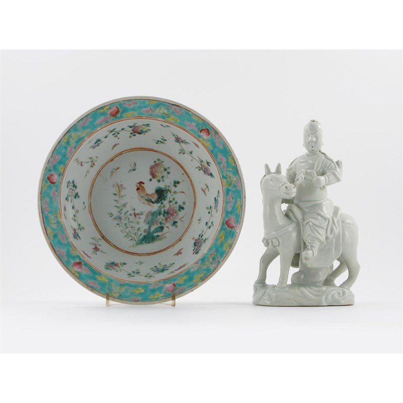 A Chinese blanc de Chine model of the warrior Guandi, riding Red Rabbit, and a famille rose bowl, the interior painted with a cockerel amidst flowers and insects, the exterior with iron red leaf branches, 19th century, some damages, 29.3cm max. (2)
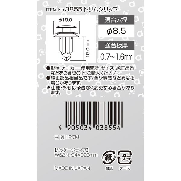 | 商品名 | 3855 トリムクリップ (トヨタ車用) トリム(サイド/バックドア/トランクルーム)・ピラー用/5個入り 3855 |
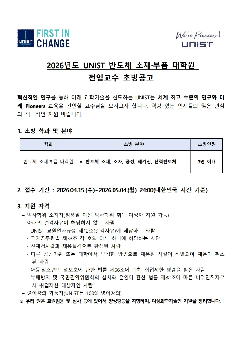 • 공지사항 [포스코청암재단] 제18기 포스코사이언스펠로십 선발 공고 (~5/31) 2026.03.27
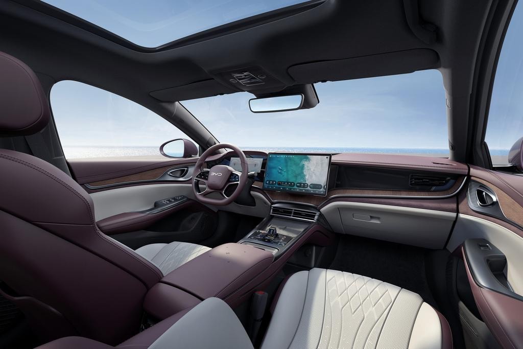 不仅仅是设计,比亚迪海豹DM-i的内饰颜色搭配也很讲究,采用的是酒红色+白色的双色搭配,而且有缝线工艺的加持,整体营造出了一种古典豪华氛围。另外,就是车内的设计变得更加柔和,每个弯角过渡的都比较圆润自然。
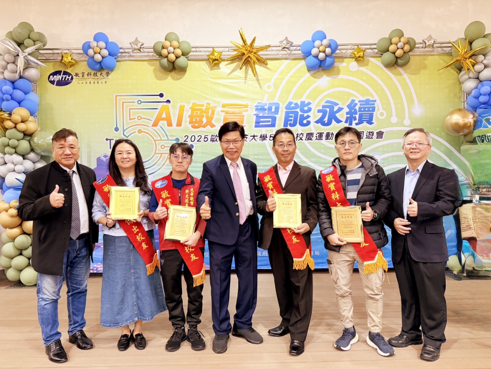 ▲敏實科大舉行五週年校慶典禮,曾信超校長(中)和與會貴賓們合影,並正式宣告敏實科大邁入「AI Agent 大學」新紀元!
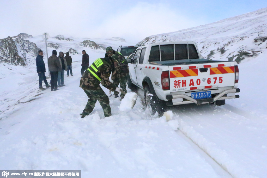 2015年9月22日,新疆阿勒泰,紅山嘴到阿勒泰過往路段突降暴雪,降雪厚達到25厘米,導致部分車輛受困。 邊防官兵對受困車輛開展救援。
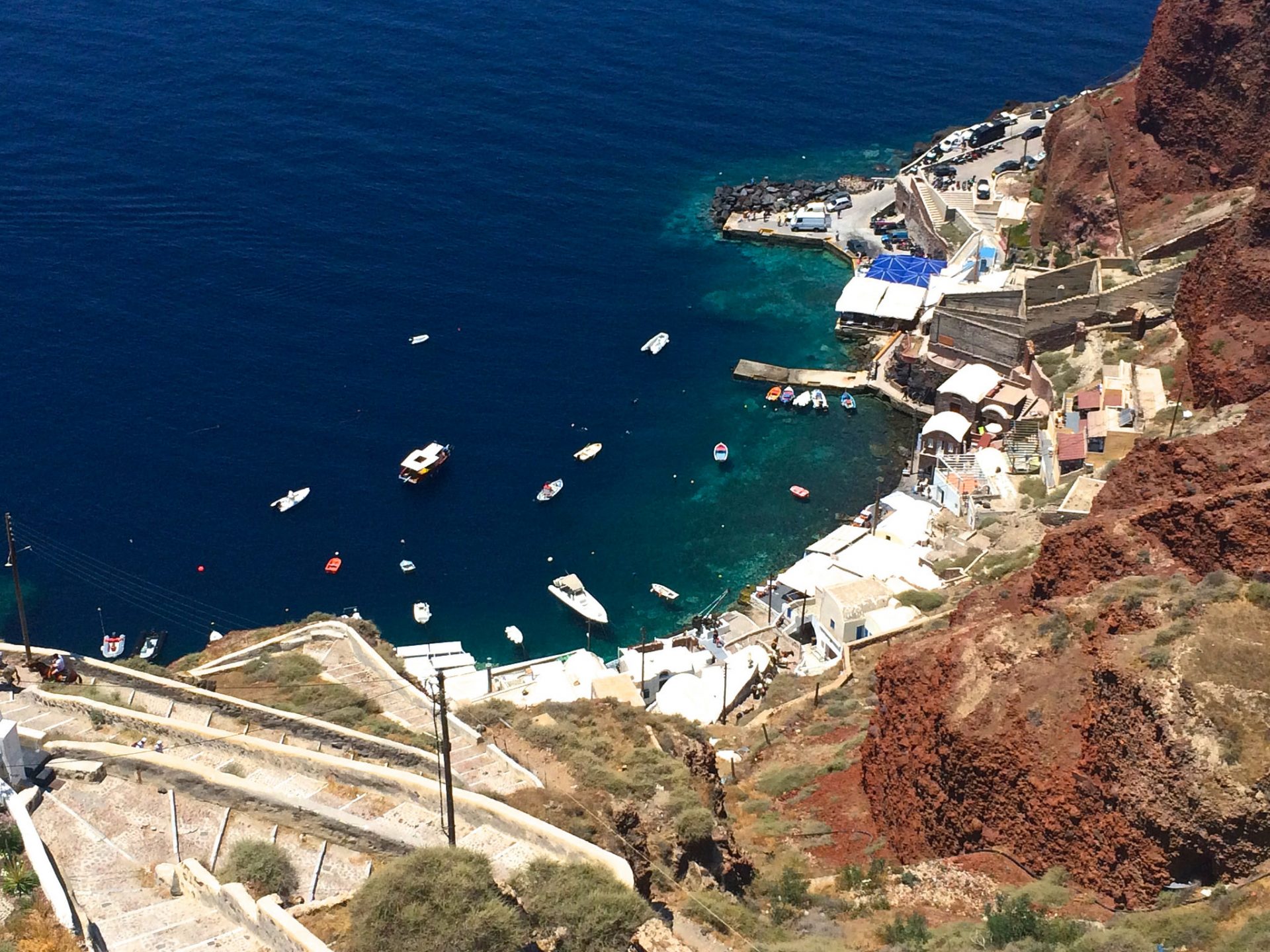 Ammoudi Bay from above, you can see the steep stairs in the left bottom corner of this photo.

..............................

Goal of the exercise: Your answer must be an exact copy of the records above, with every picture left out.

Solution to this task:
 A Chinese blanc de Chine model of the warrior Guandi, riding Red Rabbit, and a famille rose bowl, the interior painted with a cockerel amidst flowers and insects, the exterior with iron red leaf branches, 19th century, some damages, 29.3cm max. (2)
 | 商品名 | 3855 トリムクリップ (トヨタ車用) トリム(サイド/バックドア/トランクルーム)・ピラー用/5個入り 3855 |
 • 공지사항 [포스코청암재단] 제18기 포스코사이언스펠로십 선발 공고 (~5/31) 2026.03.27
 不仅仅是设计,比亚迪海豹DM-i的内饰颜色搭配也很讲究,采用的是酒红色+白色的双色搭配,而且有缝线工艺的加持,整体营造出了一种古典豪华氛围。另外,就是车内的设计变得更加柔和,每个弯角过渡的都比较圆润自然。
 ▲敏實科大舉行五週年校慶典禮,曾信超校長(中)和與會貴賓們合影,並正式宣告敏實科大邁入「AI Agent 大學」新紀元!
 2015年9月22日,新疆阿勒泰,紅山嘴到阿勒泰過往路段突降暴雪,降雪厚達到25厘米,導致部分車輛受困。 邊防官兵對受困車輛開展救援。
 Ammoudi Bay from above, you can see the steep stairs in the left bottom corner of this photo.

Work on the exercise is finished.